This week, we celebrate the 12th anniversary of the game My Pokemon Ranch. It wasn’t really much of a game, though. It was a $10 Pokemon storage system for Diamond and Pearl that could be purchased through the WiiWare download service.
Similar in concept to the GameCube’s Pokemon Box for Ruby and Sapphire, players could trade and store the Pokemon they had caught in the games. Unlike Pokemon Box, however, My Pokemon Ranch was the very first storage software to be released online to the general public.
My Pokemon Ranch was extremely simple in design. Run by a character named Hayley, the ranch could store up to 999 Pokemon (nearly double the amount you could store in a single Diamond or Pearl save file), and it allowed players to view 3D polygonal models of their creatures.
The game was criticized for being too simple, but we have to keep in mind that this was one of The Pokemon Company’s earliest attempts at a storage system that allowed you to connect your save file across multiple systems. A lot of the features included in My Pokemon Ranch are still present in the storage options we have today.
There were quests you could complete each day, which offered rewards that you could transfer to your Diamond and Pearl save files. The ranch could be upgraded up to 25 levels depending on how many Pokemon were stored, expanding the space each time.
You could take snapshots of the Pokemon you added to the ranch that could be saved on an SD card. Pokemon would react differently in the ranch depending on its nature in the game; for example, a Pokemon with a lonely nature might only play by itself instead of messing around with the other monsters.
There was even online connectivity in which you could visit other players’ ranches to see their Pokemon collections, although you couldn’t trade within the ranch itself.
Most notably, the game gave out rewards in the form of rare Pokemon. After upgrading your ranch, Hayley would give you hard-to-obtain Pokemon with special items or moves to trade back to your game. After storing 250 Pokemon, you’d receive the legendary Phione as a gift.
The greatest reward of all was obtained for depositing the maximum of 999 Pokemon into the ranch, which was no easy feat. Since Diamond and Pearl only let you carry 540 Pokemon at a time, this would take hours of catching and multiple trips.

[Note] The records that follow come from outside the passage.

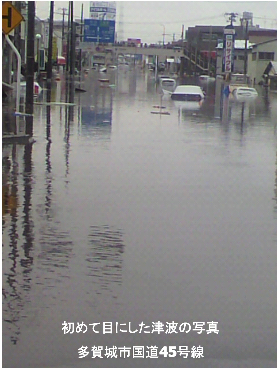
初めて目にした津波の写真 多賀城市国道45号線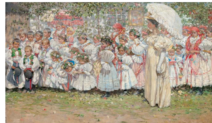
Joža Uprka, Boží tělo v Hroznové Lhotě, 1894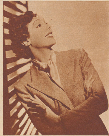
Das Sportgirl – im klassischen Tailleur – als zeitgemäßer Jungmädchentyp.

Le costume tailleur standard des sportives.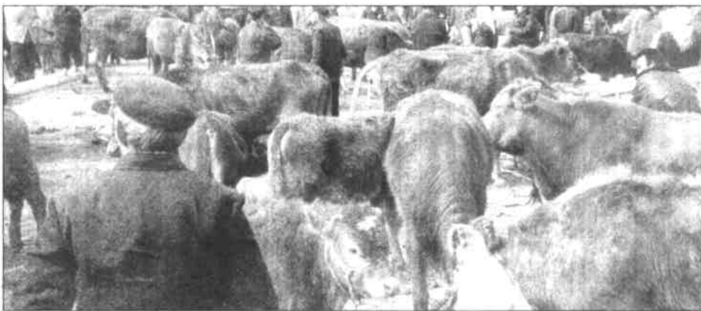
牛市上，牛的主人等待着成交后的新主人。

传统的交易方式是“牛经纪”们的法宝，不用言语，握握手便各心中有数，市场上每头牛的价格，大都在这种无声的交易中决定了。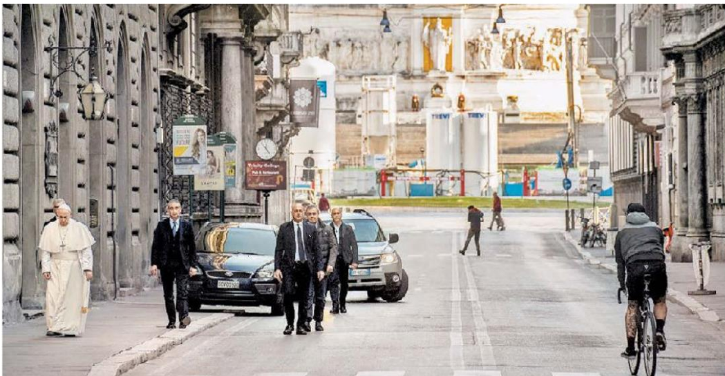
El papa Francisco camina por las calles aledañas a la sede vaticana, en Roma, Italia, país con grave crisis por la pandemia.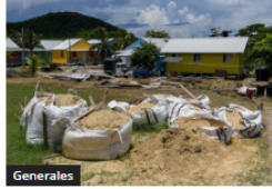
«Reconstrucción» de Providencia: Promesas que naufragan en un mar de irregularidades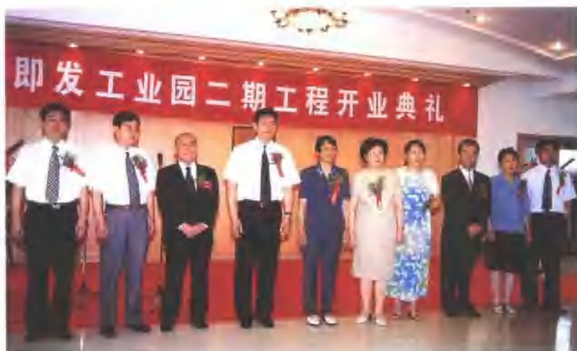
即发工业园二期工程开业

2001年，青岛服装工业园与韩国高丽钢线(株)签订钢帘线项目。该项目是年内青岛市第二个投资额最多的外商工业项目。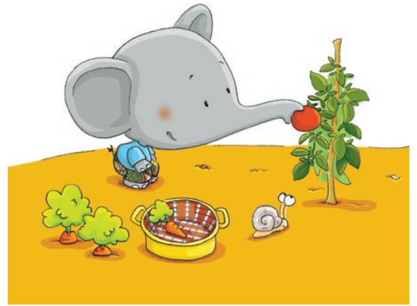
Eléphant, ABC diététique

The reward at the end was a Mew, making it one of the only legitimate ways to obtain this mythical Pokemon at the time.
12 years later, as we store the Pokemon we’ve collected on the Home app, I can’t help but wonder why we haven’t seen greater improvements as the years went on.
After My Pokemon Ranch, we got Bank for the 3DS, which allowed us to trade and store our Pokemon, but it was a storage system and not much else.
There were no fun things to do, like play with 3D models of the Pokemon or take snapshots of them. There were occasional rewards, but they were distributed randomly, not through quests.
Now, in 2020, we have Pokemon Home, the latest solution for storing Pokemon outside of the main games. Aside from the storage system itself, it includes achievements, a reward for completing the Pokedex, and a few other bells and whistles. But aside from being on mobile phones instead of the Wii, it actually isn’t too different from My Pokemon Ranch.
I’m not sure if this can be attributed to Home being behind in the times, or if My Pokemon Ranch was ahead of its time, or maybe a bit of both.
The graphics in My Pokemon Ranch were nothing to marvel at, but the 3D models were kind of cute, and the game did a lot of experimenting that set the stage for Bank and eventually Home.
My Pokemon Ranch wasn’t perfect by any means, but it was simple and did what it was meant to do.
For all of the criticism that it faced at release, looking back, it got a lot of things right, especially when online connectivity between two different consoles was fairly new.
To collectors and completionists, My Pokemon Ranch was a valuable tool that helped pave the way for future storage systems.